Richard Birk, president of Habitat for Humanity in Lake County, told FoxNews.com that housing is the No. 1 problem in the area. He estimates that 20 percent of home owners affected were not insured, and many renters are in limbo trying to get a proper roof over their heads.

“We have a significant number of military veterans here,” Birk noted. “It is embarrassing to see how they have to live.”

He said that around 10 percent of the rebuilding efforts have been completed, with the recovery from the two years’ worth of wildfires likely to take up to 5 years. Locals told FoxNews.com that some are rebuilding only for insurance purposes, with the intention of selling and moving away to "safer" locales.

Last week, Lake County’s Department of Environmental Health informed the Board of Supervisors that state crews had completed the vast majority of the cleanup work, with the expectation that it would be completed by Christmas.

Private cleanups were ongoing, the department reported, with individual owners hiring their own contractors.

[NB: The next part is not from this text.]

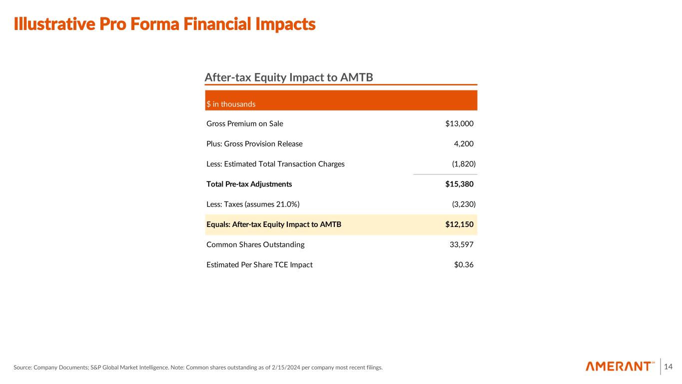 Illustrative Pro Forma Financial Impacts Source: Company Documents; S&P Global Market Intelligence. Note: Common shares outstanding as of 2/15/2024 per company most recent filings. 14 After-tax Equity Impact to AMTB $ in thousands Gross Premium on Sale $13,000 Plus: Gross Provision Release 4,200 Less: Estimated Total Transaction Charges (1,820) Total Pre-tax Adjustments $15,380 Less: Taxes (assumes 21.0%) (3,230) Equals: After-tax Equity Impact to AMTB $12,150 Common Shares Outstanding 33,597 Estimated Per Share TCE Impact $0.36

But Smith warns that around 8 percent of the pine trees still present a fire threat, and, while the recent rains have cut down on the imminent danger, the weather is also making the brush grow back stronger than ever.

"I would have thought the state would [at least] pick up the fallen logs and dead trees," he said. "There are a lot of dead trees that need to be cut.”

He added that the community “can organize to do it ourselves," but they require financial help

Lake County Board of Supervisors Chair Rob Brown, acknowledged to FoxNews.com that the dead trees are indeed a “stark reminder of the disaster” and need to go. But he said that shuttered businesses are quickly rebuilding, and the area communities are seeing an increase in jobs and an opportunity to repair and upgrade infrastructure like century-old water systems.

Yet what will happen next year is anyone's guess. The back-to-back wildfires have some in the community bracing for the worst, and others scratching their heads. There are families who lost their homes in 2015, only to rebuild nearby, and lose all they owned again in 2016. However, a representative for FEMA assured FoxNews.com that they continue to work directly with survivors in Mobile Home Units on their permanent housing plan, and said they have provided $11.8 million in Public Assistance funding, and $7.5 specifically for debris removal.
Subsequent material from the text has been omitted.